But let’s ponder my crazy question. Perhaps it won’t be so crazy by the time we’re done.
All managers have a shelf life. You wouldn’t normally think a manager of Maddon’s stature and accomplishments would have a relatively short one, but there’s no question he has been tormenting a segment of the Cubs’ fan base for quite a while. It’s not clear how big that segment is, but it’s certainly loud, especially on social media.
Some people are tired of Maddon’s incessant tinkering with the lineup. Some people never have forgiven him for almost blowing the 2016 World Series. Some were unhappy interim manager Jim Riggleman got the best of him in the Reds’ recent four-game sweep of the Cubs.
Does it mean team president Theo Epstein has tired of Maddon’s act, the way some fans have? No, it does not. But if the Cubs don’t take advantage of the championship window Epstein has helped open, if their pursuit of sustained success starts lagging, you can bet Epstein won’t hesitate to make a change. He doesn’t strike me as someone who would be content with one incredible, earthshaking World Series. If the Cubs don’t win another one in 2018 or 2019 (the final year of Maddon’s contract), it doesn’t take much imagination to see the organization patting him on the back and wishing him well.

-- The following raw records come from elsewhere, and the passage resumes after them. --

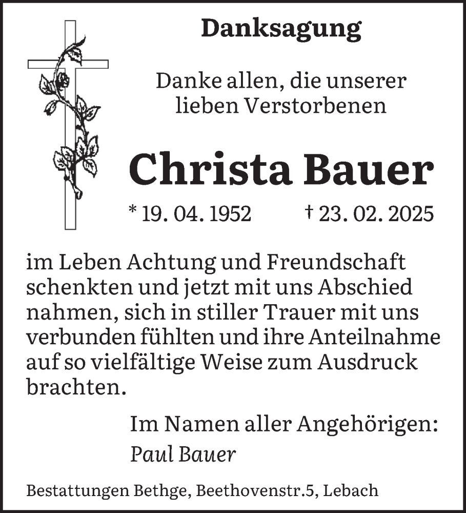 Hier finden Sie alle Traueranzeigen aus der Zeitung, die bisher für Christa Bauer erschienen sind. Weitere Traueranzeigen, die in der Zeitung erscheinen, werden hier ebenfalls aufgelistet
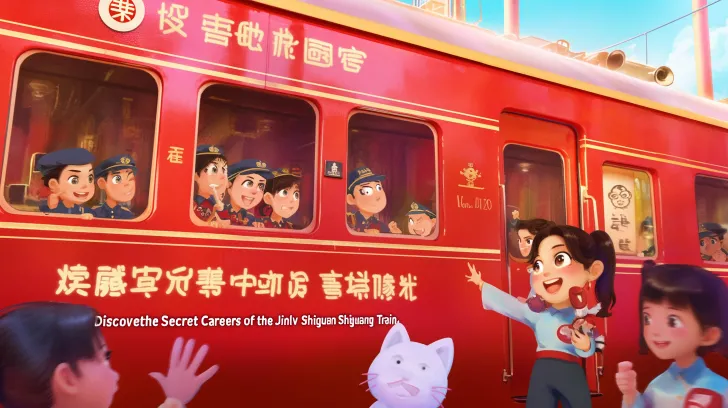 Midjourney Bot 更新时间:2026-03-15 00:16https://images.gogpt.vip/aigf/m_origin/20260314/253643/r9ax8xwlx9nmjwpr.jpg 一辆鲜艳的红色列车停在车站,车身上有醒目的金色字体,描绘着“津旅时光号列车小职员职业探秘”。车窗里透出温馨的场景,几位乘客正与孩子们互动。前景中,几个可爱的孩子兴奋地朝列车挥手,表现出浓厚的好奇心和期待感。旁边是一只卡通形象的小猫,手持扩音器,仿佛在热情地宣传什么。整体画面色彩鲜明,充满了欢快的氛围,展现出一种温馨且充满童趣的场景。整个画面是色彩浓郁、温馨惬意的插画风格 --ar 16:9 --stylize 100 --iw 2 --niji 6
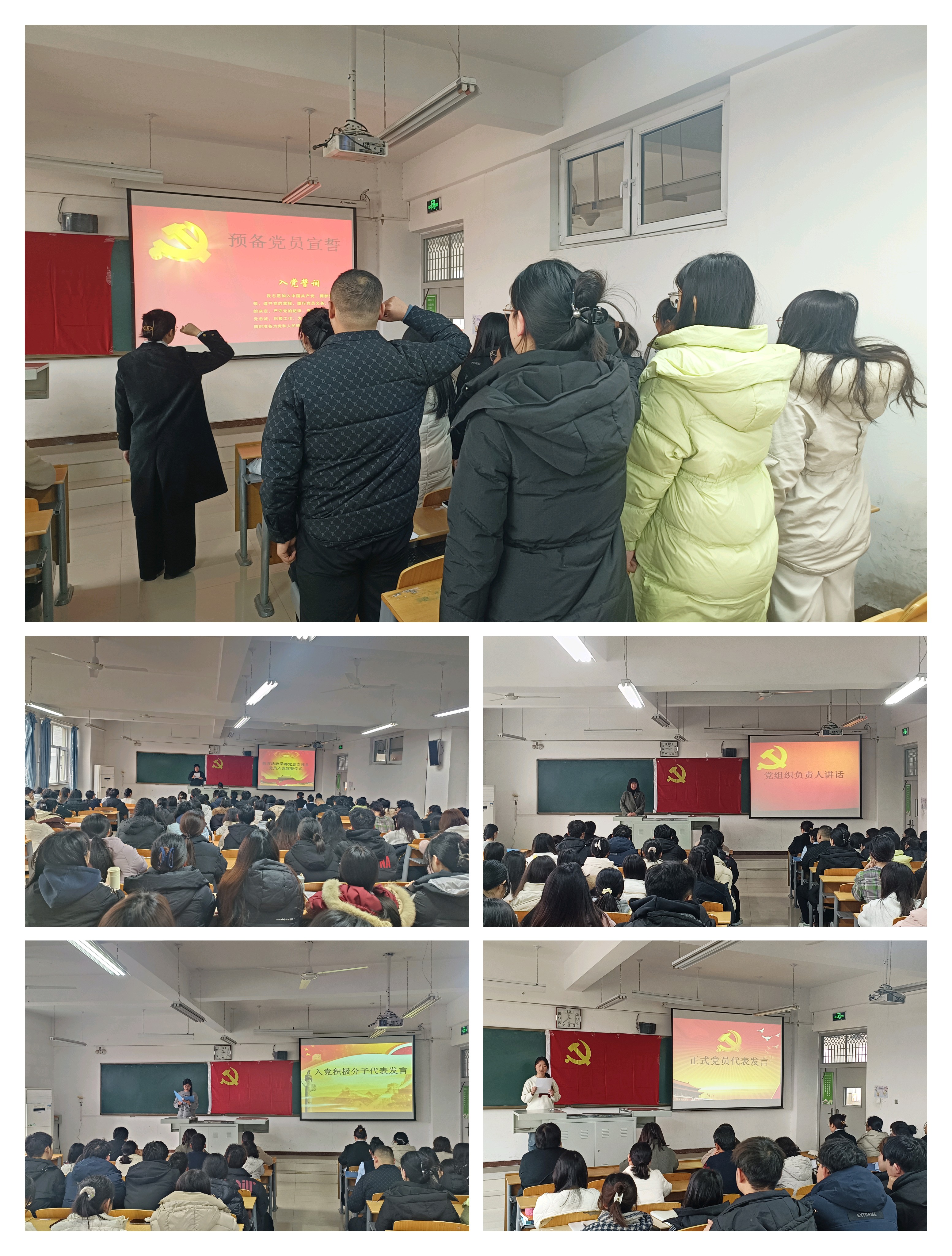 法政学部举行预备党员入党宣誓仪式暨支部党日活动汇报-缩小 放大+ 2024-12-1912月19日,法政学部党总支在第六教学楼304室举行了预备党员入党宣誓仪式。学部党总支委员、支部书记及全体学生党员、积极分子代表近百人参加了此次宣誓仪式。仪式由总支副书记、组织委员刘媛主持。 大会伊始,刘媛老师阐述了入党宣誓的重要意义。接着,全体起立奏唱雄壮激昂的《国际歌》,之后正式党员蔡长源同志带领15名新党员进行入党宣誓,宣誓过程庄严凝重,现场响起阵阵激昂的宣誓声,每个同学都用发自内心的声音抒发对党忠诚的决心,面对着党旗,大家接受了一次身心的特殊洗礼。预备党员代表张晨曦感谢的党组织的培养,表达了恪守在党旗下的诺言、对党忠诚、为党和人民尽职尽责、努力使自己成为一名优秀的共产党员的决心和信心。正式党员代表潘露雨以一个党员的身份讲述她对于入党的认识以及对新党员的几点要求和期望。从积极分子代表陈润佳的发言中,大家听出了积极分子向党组织靠拢的决心并为之付出的不懈努力。最后,学部党总支书记武新慧老师讲话,她强调,预备党员要牢记自身的党员身份,严格要求自己,以此次宣誓为契机,进一步坚定理想信念,强化责任担当,立足本职工作和学习,争做新时代合格党员,为实现中华民族伟大复兴的中国梦而不懈奋斗!

I think you see where this is going — straight to Crazyville! Unless it’s so crazy it just must happen.
So in our hypothetical, the Cubs have sent Maddon on his way after the 2019 season. Meanwhile, the Sox finally are ready to see the fruits of their rebuild after several years of terrible losing.
This might seem like a cruel cosmic joke on Renteria, whom the Cubs famously and coldly axed as manager in favor of Maddon just as they were starting to turn the corner on their rebuild. Would a franchise do such a thing to a man? Let’s play two with his ripped-out heart? A franchise would if it thinks it isn’t getting enough from the manager and thinks there’s somebody better on the horizon.
In this case, the horizon would be about nine miles north in Wrigleyville.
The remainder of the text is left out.